I forget one bracket in the google code

(ln(( (1 - 0.6)/300E-15) -1 )) * 0.026

VD = 0.716899093V

And I also use Mathematica software and I get this solution

Vd = 0.7168990929699331

 

with the corrected bracket

I got 0.725886 in excel
In google ... the result is (ln(( (1 - 0.6)/300E-15) -1 )) * 0.026 = 0.725886283


The constant e in excel is 2.71828182845904

I'll be checking it again later ... with my TI-83.

 

Take care not to mix the decical logarithm (log) with the natural logarithm (ln). I think the formula calls for the natural logarithm.

 

Take care not to mix the decical logarithm (log) with the natural logarithm (ln). I think the formula calls for the natural logarithm.

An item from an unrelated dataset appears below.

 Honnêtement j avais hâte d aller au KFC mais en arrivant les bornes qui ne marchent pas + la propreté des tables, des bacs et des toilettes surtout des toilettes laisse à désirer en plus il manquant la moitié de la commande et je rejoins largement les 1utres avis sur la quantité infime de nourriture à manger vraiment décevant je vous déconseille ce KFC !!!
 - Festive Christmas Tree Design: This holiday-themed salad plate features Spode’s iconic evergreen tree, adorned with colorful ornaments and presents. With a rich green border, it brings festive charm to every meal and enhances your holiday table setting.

I didn't. From my previous post:

Note that "log" is the natural logarithm, at least in Just BASIC v1.01.

 

"log" in basic is the natural log. Log10 in basic is the decimal log.

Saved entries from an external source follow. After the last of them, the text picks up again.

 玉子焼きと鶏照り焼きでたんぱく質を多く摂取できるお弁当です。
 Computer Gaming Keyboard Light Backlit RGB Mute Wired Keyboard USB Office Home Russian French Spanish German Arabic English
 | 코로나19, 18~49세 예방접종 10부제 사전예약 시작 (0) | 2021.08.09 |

Log10 is also used in excel for decimal log.

Much to my surprise, the TI-83 agreed with google and excel at approximately 0.7258862829

The TI-83 uses 2.718281828459 for e.

I am at a loss for the error at this moment.

 

"log" in basic is the natural log. Log10 in basic is the decimal log.

Log10 is also used in excel for decimal log.

Much to my surprise, the TI-83 agreed with google and excel at approximately 0.7258862829

The TI-83 uses 2.718281828459 for e.

I am at a loss for the error at this moment.

You didn't run the iterations. The answer you got, 0.7258862829, is the first step in the iteration, and you only get that if you use VD=0.6 as your first guess. You need to plug that number into VD in the right side of the equation, and re-evaluate. Plug the new answer into VD and evaluate again, ad nauseum, until the evaluated value doesn't change. See my Basic program in post #14,

Vt=.026
Vs=1
Is=3e-16
R=1e3
Vdnew=.6
Do
    Vd=Vdnew
    Vdnew=Vt*log((Vs-Vd)/(R*Is)-1)
    Print "vd=";Vd
Print "Vdnew=";Vdnew
Loop until Vdnew=Vd

end

and the link posted by Jony130 in post #7.